> [INFORMATION PROVIDED]:
______________________________

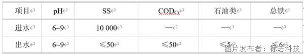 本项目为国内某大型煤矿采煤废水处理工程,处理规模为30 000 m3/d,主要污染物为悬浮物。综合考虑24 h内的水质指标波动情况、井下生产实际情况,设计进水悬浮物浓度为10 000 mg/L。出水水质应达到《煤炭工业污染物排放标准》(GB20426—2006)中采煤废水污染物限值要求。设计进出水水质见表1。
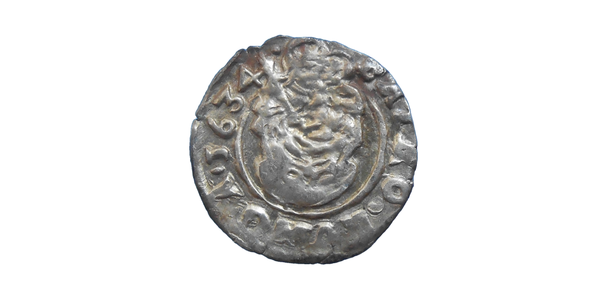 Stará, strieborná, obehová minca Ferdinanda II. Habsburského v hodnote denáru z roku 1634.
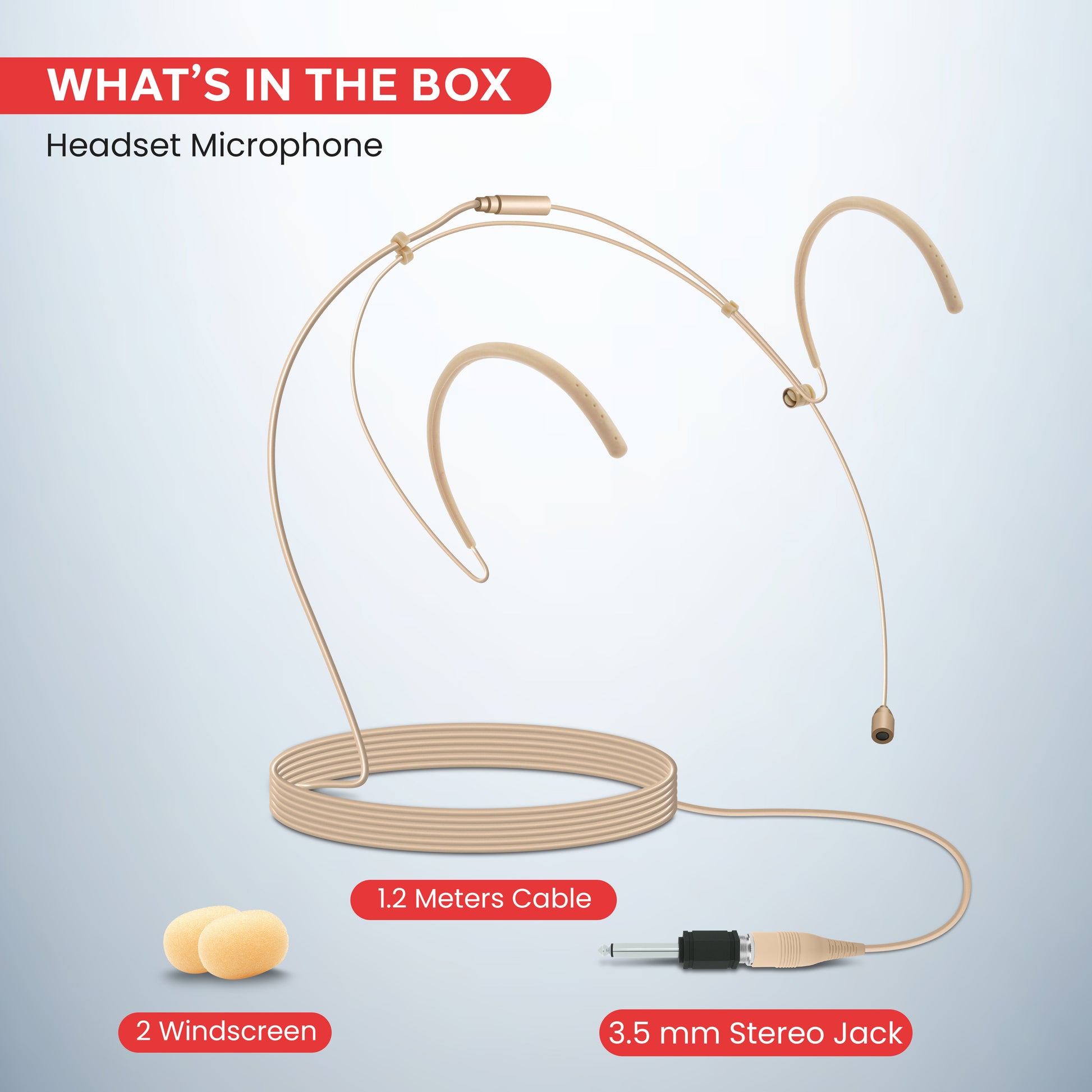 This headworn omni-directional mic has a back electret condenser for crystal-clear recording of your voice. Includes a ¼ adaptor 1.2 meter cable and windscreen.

______________________________

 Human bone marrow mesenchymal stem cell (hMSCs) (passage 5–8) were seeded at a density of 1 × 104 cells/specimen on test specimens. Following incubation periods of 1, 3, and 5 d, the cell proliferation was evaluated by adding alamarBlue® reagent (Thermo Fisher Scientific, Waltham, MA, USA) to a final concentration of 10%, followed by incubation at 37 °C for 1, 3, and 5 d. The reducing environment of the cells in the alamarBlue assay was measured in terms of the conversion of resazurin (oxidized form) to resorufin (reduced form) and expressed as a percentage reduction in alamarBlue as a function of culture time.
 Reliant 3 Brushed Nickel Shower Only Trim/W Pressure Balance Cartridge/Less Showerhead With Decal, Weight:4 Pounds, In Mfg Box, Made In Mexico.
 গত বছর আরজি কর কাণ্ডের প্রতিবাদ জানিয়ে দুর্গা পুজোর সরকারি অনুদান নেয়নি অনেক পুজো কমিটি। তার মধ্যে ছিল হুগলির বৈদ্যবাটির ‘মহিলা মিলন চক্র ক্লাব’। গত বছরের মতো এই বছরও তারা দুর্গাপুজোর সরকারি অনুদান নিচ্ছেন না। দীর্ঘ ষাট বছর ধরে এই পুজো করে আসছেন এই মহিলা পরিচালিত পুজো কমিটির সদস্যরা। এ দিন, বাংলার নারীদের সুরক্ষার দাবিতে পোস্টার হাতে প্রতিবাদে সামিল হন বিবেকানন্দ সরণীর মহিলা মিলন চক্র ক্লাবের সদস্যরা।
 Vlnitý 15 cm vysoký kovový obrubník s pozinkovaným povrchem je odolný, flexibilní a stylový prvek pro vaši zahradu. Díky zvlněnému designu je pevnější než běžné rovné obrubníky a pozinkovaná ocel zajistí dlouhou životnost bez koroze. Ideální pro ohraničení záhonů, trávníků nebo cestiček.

______________________________

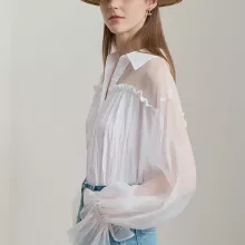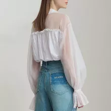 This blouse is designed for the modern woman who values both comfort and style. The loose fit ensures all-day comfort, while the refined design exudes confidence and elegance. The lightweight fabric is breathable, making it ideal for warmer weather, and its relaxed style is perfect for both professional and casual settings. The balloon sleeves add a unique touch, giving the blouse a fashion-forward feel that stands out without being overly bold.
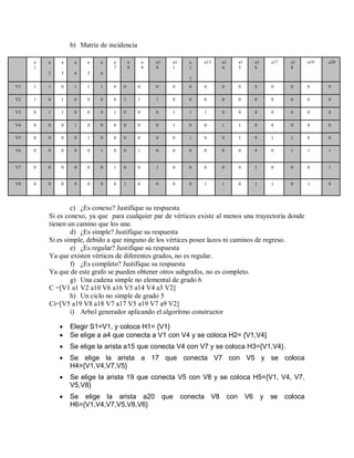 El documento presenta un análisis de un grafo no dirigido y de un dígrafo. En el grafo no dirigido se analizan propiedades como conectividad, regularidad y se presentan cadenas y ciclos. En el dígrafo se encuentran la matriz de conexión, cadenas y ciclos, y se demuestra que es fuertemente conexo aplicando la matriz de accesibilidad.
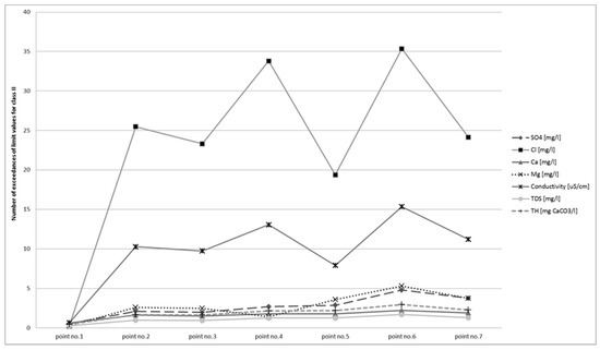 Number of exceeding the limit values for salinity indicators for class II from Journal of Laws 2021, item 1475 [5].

______________________________

> [EXERCISE OBJECTIVE]: Using the data above, which lines fall from the one with "本项目为国内某大型煤矿采煤废水处理工程,处理规模为30 000 m3/d,主要污染物为悬浮物。综合考虑24" through the one with "This headworn omni-directional"? Repeat them exactly, ends included, minus any pictures.

> [TASK RESULT]:
 本项目为国内某大型煤矿采煤废水处理工程,处理规模为30 000 m3/d,主要污染物为悬浮物。综合考虑24 h内的水质指标波动情况、井下生产实际情况,设计进水悬浮物浓度为10 000 mg/L。出水水质应达到《煤炭工业污染物排放标准》(GB20426—2006)中采煤废水污染物限值要求。设计进出水水质见表1。
 Stará, strieborná, obehová minca Ferdinanda II. Habsburského v hodnote denáru z roku 1634.
 This headworn omni-directional mic has a back electret condenser for crystal-clear recording of your voice. Includes a ¼ adaptor 1.2 meter cable and windscreen.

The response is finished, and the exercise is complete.